Things changed once she got pregnant out of wedlock with his child. Marić returned to her family home during her pregnancy and remained there after the birth of their daughter. She repeatedly requested that Einstein visit them, and that he marry her and make their child legitimate, but he let her down, and left her alone for several months during her pregnancy and after the birth of their daughter. Even after she was born, he refused to marry her and legitimize their daughter; the record is unclear, and does not account for what happened to their daughter, other than the fact that she was no longer in their lives when they married.

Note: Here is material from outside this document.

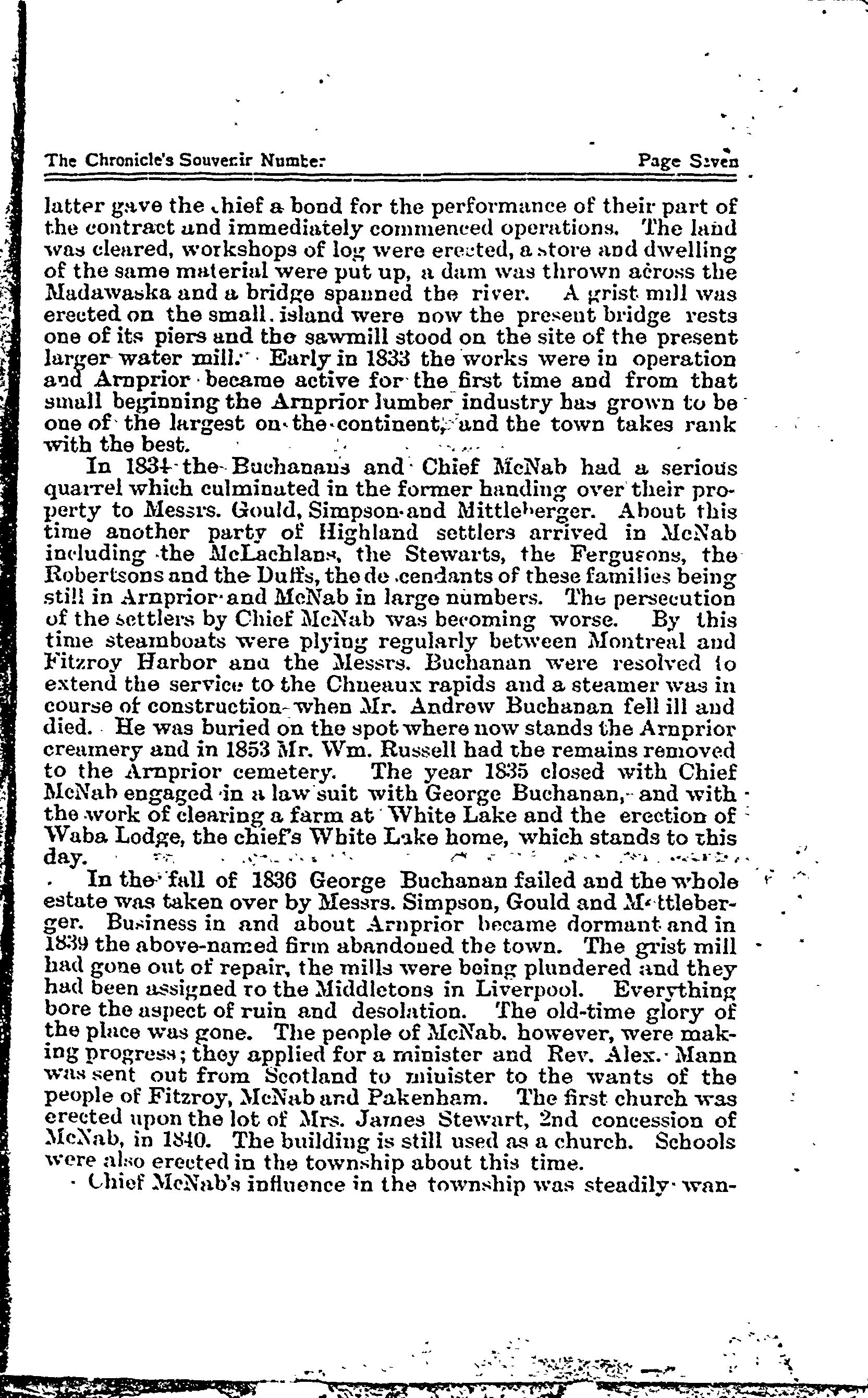 Arnprior (Ont.) -- Histoire. - Document original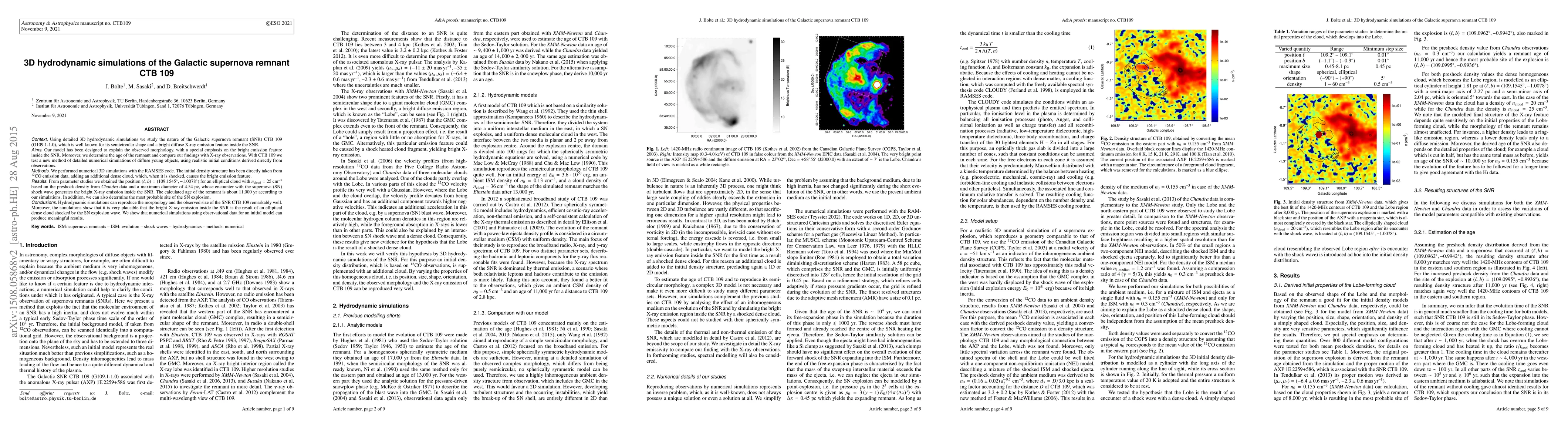 This paper uses 3D hydrodynamic simulations to study the Galactic supernova remnant CTB 109, explaining its semicircular shape and bright X-ray emission feature. The simulations suggest an age of about 11,000 years and identify a dense cloud as the source of the bright emission, validating the use of observational data for initial conditions in numerical simulations.

Marić and Einstein finally married in 1903; and by all accounts, it was an unhappy marriage. Einstein had a brilliant mind, but the historical record does not reflect kindly on his ability to maintain a kind or loving relationship. It was his way or the highway; he expected his wife to act as a servant during their marriage, rather than a partner. Her wishes went unheeded and her aspirations were ignored. It is unknown whether Marić played a role in collaborating with Einstein on his theories, especially his Theory of Relativity, but it is quite possible that she was involved in his research and never received credit. It must have been heartbreaking for her to be in love with a man who simply wanted control and submission from her, rather than a partner in life.
The book is insightful into the mind of a man who had many talents, of which his ability to treat people kindly was not one. Over time, their relationship suffered as a result of his ongoing emotional abuse and neglect. Her academic passions, her career and the love of her husband had all been stripped from her by the man who once swore that they were one. They separated in 1914, and finally divorced (after the mandatory waiting period) in 1919.
This book is part love story, and part the story of an incredibly strong woman who was ahead of her time… She had to make a choice between her career and a marriage, and in the end she got neither… Her story is not uplifting, but relatable for intelligent, career women to this day.